I am very happy about what the church has been doing. Back to Bishop Muzorewa, providing land, the church was not stingy with the land. The way Bishop Jokomo led as a member of the board and the support through Africa University is a heritage which the bishops left. More recently, the church launched the Episcopal Scholarship fund, which already has the first two students. These are very evident ways of support. Our high schools are being directed to send students to Africa University. We have seen our clergy go there for their bachelor’s and master’s degrees. These are the basic ways of support.
And the relationship with Nyadire?
The Nyadire Teachers’ College relationship with Africa University is the icing of what is happening. The college is becoming the satellite college of Africa University and will see its very first degree program enrollment by August 2017. When you talk of celebrating 25 years you look at those developments as that which substantiate that the university has indeed grown.
With regard to the College of African Bishops, have they been involved in the life of the university? And the Council of Bishops?
The support of Africa University is anchored in the Council of Bishops and the African College of Bishops and in the church as a whole. The College of African Bishops has built a staff house at the school together with our laity. This is showing how happy we are. Most meetings of the College of Bishops are held at Africa University. This is our way of support that this is our institution, we will support and advocate for it.
Every two years, Pastors’ School and Laity Academies of the Zimbabwe Episcopal Area are held at Africa University. What does this mean for the church?
Just to be at a university tends to motivate everybody to bring the spirit of learning. This is a show of support the university. The little money we raise we want to direct to the university so that it can then enhance the educational programs. That is a very loud statement showing in a big way that we love and support our university.
Any words, Bishop, for those that have led and continue to lead Africa University beyond these 25 years?
The leadership of Africa University are leaders par excellence. They have always been a constant source of pride for the church. They are leaders who can stand high with any other leader you can think of. We now have Professor Munashe Furusa there who has already shown a mark. He is a very creative leader, a leader with foresight and vision. We say thank you to God for giving us this leadership and staff.
How do you see Africa University in the next 25 years?
Africa University will keep on growing and will keep on making its brand. Africa University will make people tilt their ears to hear what is the recent thing happening there.
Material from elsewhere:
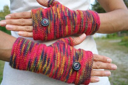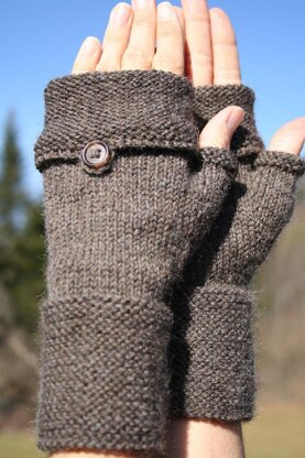 These fingerless mitts feature a stylish fold back flap that bottons. The mitts are worked in the round with sport weight wool.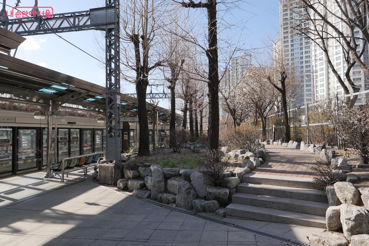 열차가 신답역에 도착한다. 선두 객차의 출입문과 스크린도어가 동시에 열리면 승강장에서는 뜻밖의 풍경이 펼쳐진다. 익숙한 승강장의 구조가 아닌 나무가 있는 정원이 보인다.

It will be the institution of our time and institution of our century and new things will start at Africa University and taken to the rest of Africa and beyond. I see more students graduating from there and more leaders being shaped as their motto says: “Investing in Africa’s Future.”
Whenever we talk about Africa University, it is described as a United Methodist-related institution. How does that make you feel as a leader of the church?
It should make us feel humbled. When I say we have a sense of pride, it is a pride of thanksgiving to our God who has led us. We were pioneers in having a charter for the establishment of a private university in Zimbabwe. The United Methodists should always know that we are pioneers in so many things. When we see that university, we therefore see us moving ahead.